微反应器是小型微流控芯片,它们在微米尺寸的通道中进行化学反应。对质量传输和温度的精确控制,以及光学可访问性,使得这些芯片成为在原位或操作条件下详细研究化学反应的理想工具。在本次演讲中,我将重点介绍我们开发的两种不同的微反应器,用于研究单个催化剂颗粒的异质性。在第一个设备中,我们使用滴液微流控技术筛选和排序最活跃的催化剂颗粒,然后进行介电电泳排序。第二个芯片旨在在高压(>100巴)和高温(>300°C)下使用3D X射线全息层析成像技术,随后研究单个催化剂颗粒在操作条件下的性能。
【BIOGRAPHY】
Prof. Dr. Ir. Mathieu Odijk (University of Twente) leads a research group in Micro- and Nanodevices for Chemical Analysis, part of the BIOS Lab on a Chip group. In his work, he develops microfabricated tools for various applications, including biology and catalysis. The applied engineering-driven nature of his work has resulted in a strong portfolio containing (fully) industrially funded projects (Ligalli, Paebbl, River Biomedics). He received a VENI grant in 2014, and supervised 19 Ph.D. students (+6 current) and 5 post-docs (+2 current). He is an active partner in the joint innovation center ‘BioMicrosystems Centre’ of TNO and the University of Twente, a strategic collaboration to bridge the gap from academia to industry by developing modular and manufacturable microfluidic devices.
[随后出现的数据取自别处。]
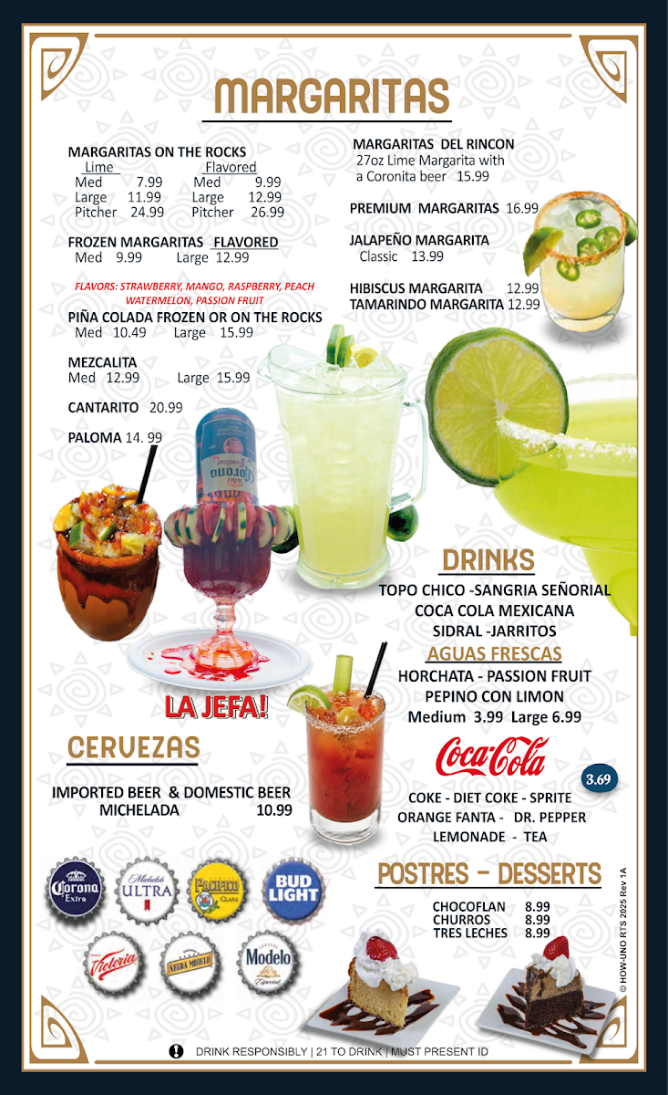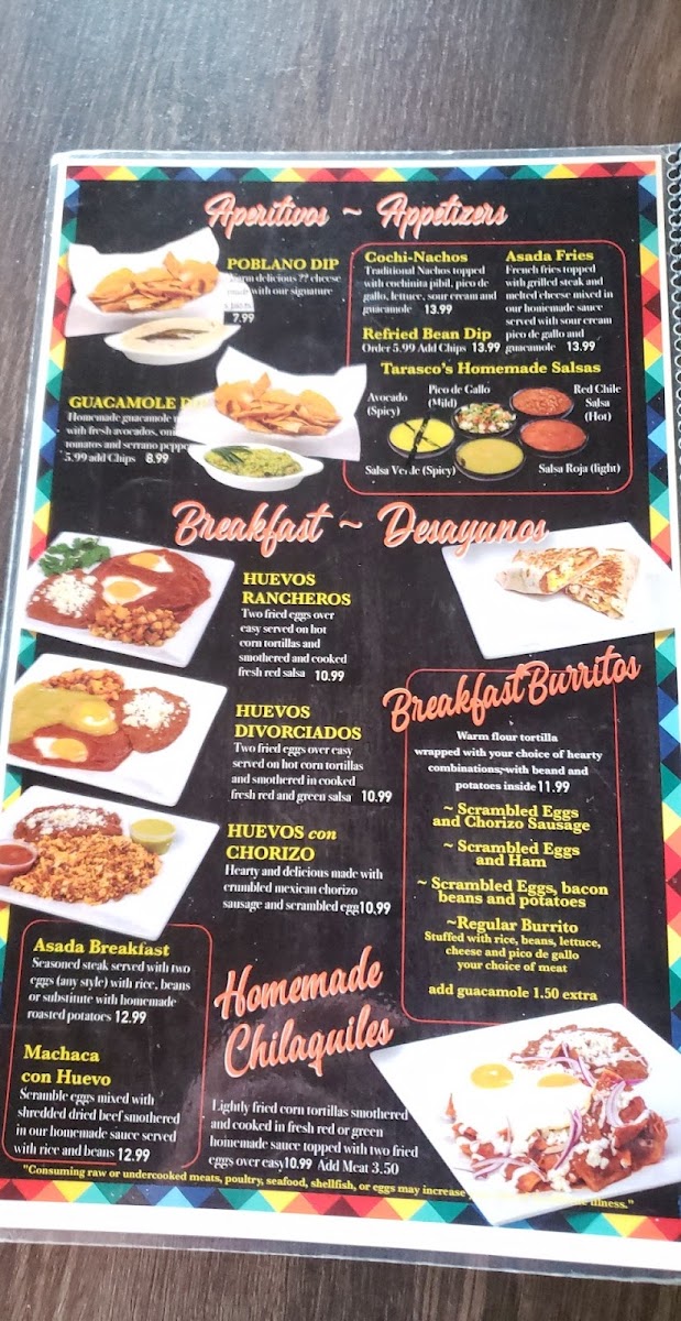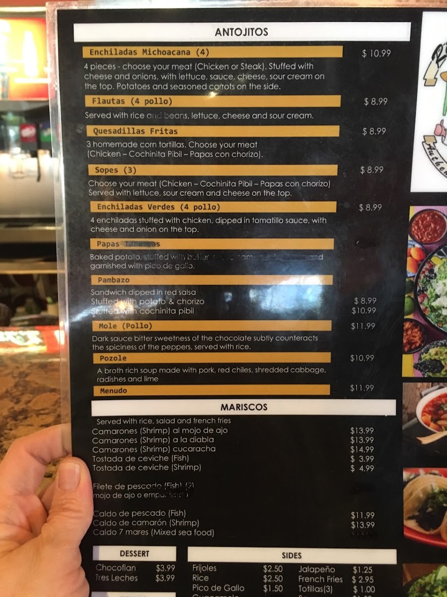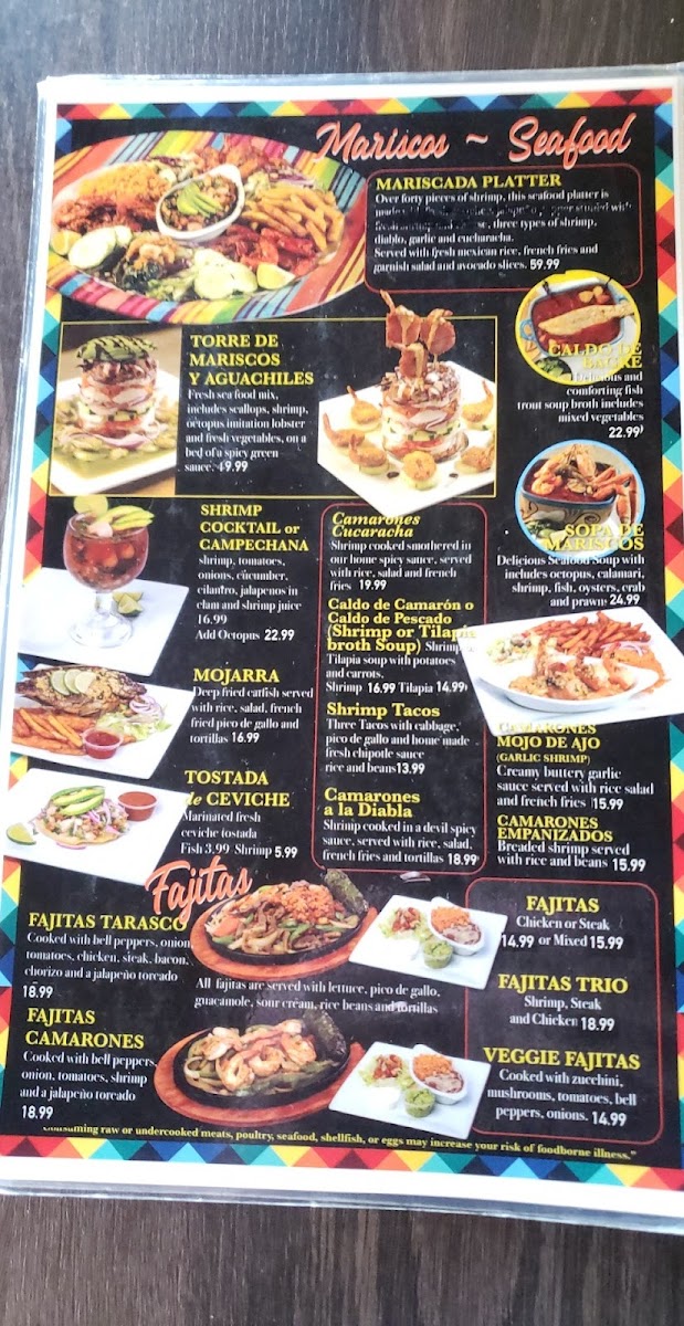 The Antojitos (little cravings) section offers delicious snacks, such as Tostadas, Hard Shell Tacos, and the flavorful Shrimp Chimichanga. For a more substantial meal, the Mariscos (seafood) section includes delectable dishes like La Regia and Snack Cockroach Shrimp, while the Fajitas menu offers sizzling options like the Fajitas Tarasco, Fajitas Trio, and Molcajete Tilin.

马修·奥德克教授(特温特大学)领导一个研究小组,专注于微纳设备用于化学分析,是BIOS芯片实验室的一部分。在他的工作中,他开发了用于各种应用的微制造工具,包括生物学和催化。他的工作具有应用工程驱动的性质,已经形成了一个强大的项目组合,包括(完全)由工业资助的项目(Ligalli, Paebbl, River Biomedics)。他于2014年获得了VENI资助,并指导了19名博士生(+6名在读)和5名博士后(+2名在读)。他是联合创新中心‘BioMicrosystems Centre’的活跃合作伙伴,该中心是TNO和特温特大学的战略合作伙伴,旨在通过开发模块化和可制造的微流控设备,从学术界到工业界架起桥梁。
Loes Segerink
特文特大学
Early cancer detecting on-chip
【ABSTRACT】
Detecting cancer in an early stage of the disease enhances the success and often impact of the treatment. Additionally, also for follow-up after the treatment measuring the presence of cancer biomarkers is essential. In collaboration with Amsterdam UMC, we are working at a new diagnostic method to detect biomarkers in urine for bladder cancer. In this presentation we will show, how microfluidic systems can help in improving the follow-up and diagnosis.
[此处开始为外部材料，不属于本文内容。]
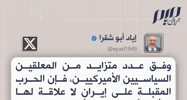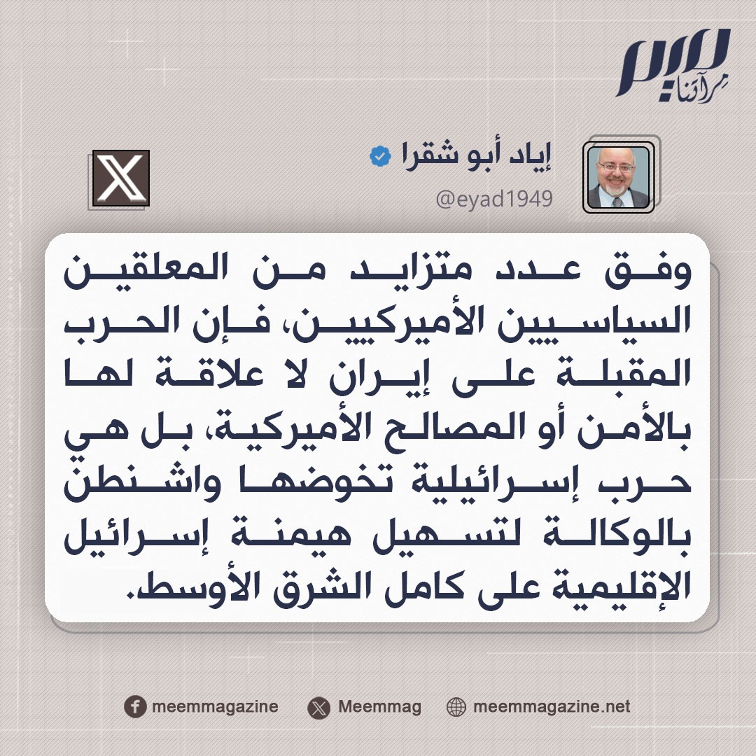 إياد أبو شقرا: الحرب المقبلة على إيران لا علاقة لها بالأمن أو المصالح الأميركية، بل هي حرب إسرائيلية تخوضها واشنطن بالوكالة لتسهيل هيمنة إسرائيل الإقليمية على كامل الشرق الأوسط.

在疾病早期发现癌症可以提高治疗的成功率,并且往往对治疗产生影响。此外,治疗后对癌症生物标志物的测量也是至关重要的。我们与阿姆斯特丹大学医学中心合作,正在开发一种新的诊断方法,用于检测尿液中的膀胱癌生物标志物。在这次演讲中,我们将展示微流控系统如何帮助改善后续治疗和诊断。
【BIOGRAPHY】
In October 2007, I joined the group of prof. dr. Albert van den Berg, not knowing at that time that choosing this PhD position would lead to the start of my own line of research. During my PhD project, I developed a point-of-care semen analyser system that measured the concentration and motility of spermatozoa in human semen. After 4 years, I successfully defended my work and its impact has been recognized by the Simon Stevin Leerling award (2011), Simon Stevin Gezel award (2012), and enormous media exposure. After obtaining my PhD, I started as a postdoc in the same group and co-founded the spinoff Cellanyzer B.V. for which I received the STW Valorisation grant phase 1 and 2 (2012) In 2013, I worked for several months in the group of prof. dr. Helene Andersson Svahn (KTH, Sweden) on the use of paper microarrays for rapid biomarker detection in serum. In that same year, I received my Veni grant to develop new techniques to assess and select spermatozoa for assisted reproductive technologies. In October 2014 I became an assistant professor (tenure track) at the University of Twente, followed by associate professor in October 2017, adjunct professor in May 2019 and full professor in July 2021. Since 2022 I am the chair of the BIOS lab on a chip group. Thirteen PhD students have successfully defended their theses under my supervision. My research focuses on biomedical microdevices. I can divide my current research into four themes (1) spermatozoa on chip; (2) organs on chip (3) biomarker detection on chip and (4) protoplast on chip. In these areas I am currently supervising a total of ten PhD students and four postdocs. Characteristic of my research are the translational component, multidisciplinary approach, and outreach activities, which I fulfil with great enthusiasm and pleasure.
2007年10月,我加入了阿尔伯特·范登伯格教授的研究小组,当时并不知道选择这个博士职位将开启我自己的研究方向。在我的博士项目中,我开发了一种现场护理精液分析系统,用于测量人类精液中精子的浓度和活力。四年后,我成功地为我的研究成果进行了辩护,其影响获得了西蒙·斯蒂文学习奖(2011年)、西蒙·斯蒂文奖章(2012年)以及巨大的媒体曝光。获得博士学位后,我在同一小组开始做博士后,并共同创立了Cellanyzer B.V.这家衍生公司,我因此获得了STW Valorisation的第一阶段和第二阶段资助(2012年)。2013年,我在瑞典皇家理工学院(KTH)的Helene Andersson Svahn教授小组工作了几个月,研究如何使用纸微阵列快速检测血清中的生物标志物。同年,我获得了VENI资助,用于开发新技术评估和选择辅助生殖技术中的精子。2014年10月,我成为特温特大学的助理教授(终身教职),随后在2017年10月成为副教授,2019年5月成为兼职教授,2021年7月成为全职教授。自2022年以来,我担任BIOS芯片实验室小组的主席。在我的监督下,已有十三名博士生成功完成了他们的论文答辩。我的研究重点是生物医学微设备。我可以将我当前的研究分为四个主题(1)芯片上的精子;(2)芯片上的器官;(3)芯片上的生物标志物检测;(4)芯片上的原生质体。在这些领域,我目前正在指导总共十名博士生和四名博士后。我的研究特点是转化组件、多学科方法和外联活动,我以极大的热情和愉悦履行这些职责。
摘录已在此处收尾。